We never say, “How about this story, or that story?” It’s like, “How about this subject and what about if we created this situation in order to explore it under extreme conditions?” It develops from that. You have an initial idea and other parts of the world, there’s the idea of the hotel and how it works, but we need to complete the world. There must be an opposition, or something, so we come up with the loners. Wouldn’t it be nice if he actually fell in love for real? Wouldn’t it be ironic if he fell in love in a place that you can’t, that you’re not supposed to fall in love? It develops from that until we feel like what we’re trying to explore is in a sense complete.

KELSEY: Then the animal thing comes in. When you’re setting the rules of these worlds, is there a limit to how absurd these things can get?

LANTHIMOS: The funny thing is that most of these things come out of logic.

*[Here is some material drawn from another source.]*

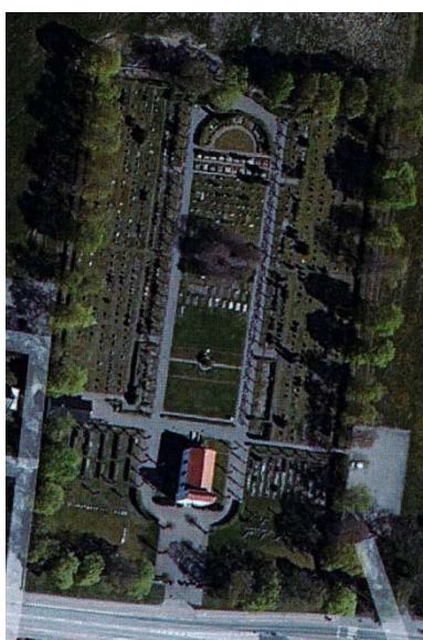
Flygfoto över anläggningen från hitta.se.

riktning som är kantade med kraftigt hamlade lindar, gångarna delar kyrkogården i tre områden. Lindarna är klippta som arkader. Yttersidorna är grässådda och gravstenarna står direkt i gräs. Dessa hade tidigare buxbomsinramning och indelning av kvarteren med avenbokshäckar. I mittgården finns minneslund och meditationsplats. Minneslundan har i mitten ett hängande sorgeträd omgivet av en cirkelrund plantering och ljusbärare. På meditationsplatsen finns en damm med springvatten omgiven av höga lindar. Längst i norr i mittaxeln finns ett litet område kvar med halvcirkelform med gravar inramade med buxbom. I söder runt kapellet finns urnlundarna med olika utformning från olika tider. En av urnlundarna har gravplatser inramade med betongsten, i en senare urnlund är stenarna placerade i bågformer i gräsmattan. Ett speciellt kvarter finns för barngravar.

It seems absurd, but when you set up the world and some basic rules, if you follow the logic of the world, then you end up having those solutions. You start thinking, “Okay, so what would they do in that kind of world with those rules, what would they do with the ones that failed?” Then you come up with various horrible stuff, and then you go, “What if they were trying to do something which sounded positive?” They would get rid of these people but find a way that they are doing some good to the planet or whatever, so you come up with the animal idea.

Like in Dogtooth, that scene with the [toy] planes, again, it was logic. We were saying, “Okay, they have them enclosed in that space, there’s a fence, they don’t see other people, the other houses are away, but they can see airplanes, so we have to find something to tell these kids about their planes.” Just by logic you find the solutions because you have a world with certain rules. It’s thinking on behalf of the people who inhabit those worlds, what would they do if, they had to solve that problem?

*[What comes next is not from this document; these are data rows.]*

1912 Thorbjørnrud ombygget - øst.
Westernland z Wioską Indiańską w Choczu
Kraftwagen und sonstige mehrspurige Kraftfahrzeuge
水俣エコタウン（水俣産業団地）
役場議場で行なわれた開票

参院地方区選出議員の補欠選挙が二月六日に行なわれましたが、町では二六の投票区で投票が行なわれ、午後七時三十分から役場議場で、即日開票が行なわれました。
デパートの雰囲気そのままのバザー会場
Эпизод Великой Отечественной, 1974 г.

KELSEY: As authoritarian as the hotel world is, after Colin’s character escapes to the loner, outlaw community, that side is equally as authoritarian.

LANTHIMOS: Or even more.

KELSEY: It’s very difficult to have true autonomy or independence there. No matter where you are, if you’re rebelling or not, you’re going to be within a system. Can you speak about setting up these instances of group mentality, with the individuals questioning, “Should I be committed to wanting to be in a family unit, or should I be really committed to being a loner who rejects the family unit?”

LANTHIMOS: Well, it’s these things you’re saying, the irony of that. I thought that was interesting, to have someone leaving from one system—supposedly he’s rebellious and he ends up joining a very similar system, even a more harsh one, maybe, and having a more obscure fate. We don’t know what happens in the end. But, he has to go through that in order to find true love. That’s how I like to engage with films, to start thinking about those things, and start to wonder how exactly we operate. How is our behavior molded and sculpted?

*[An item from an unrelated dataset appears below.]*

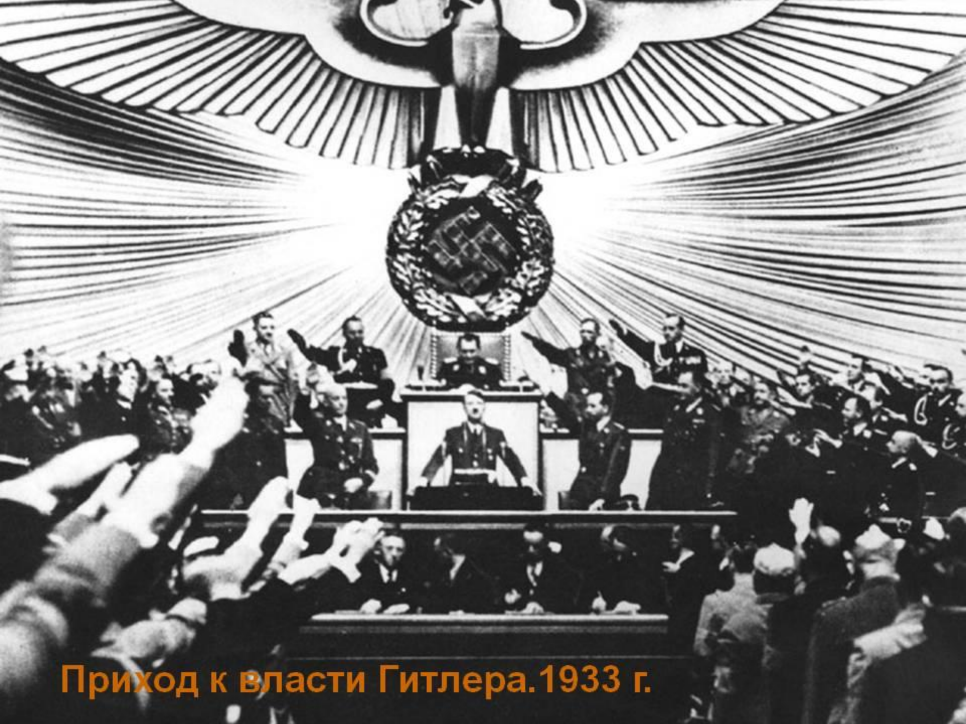
Приход к власти Гитлера. 1933 г.

KELSEY: Well even with Colin’s character, I was curious about what percentage of him having the feelings for Rachel’s character were performative or not.

LANTHIMOS: I think at some points you do get the sense that it’s real, and despite the difficulties, and up to the end where you know, there’s a huge decision that needs to be made. Then you have to find the answer for yourself.

THE LOBSTER IS OUT IN LIMITED RELEASE TODAY.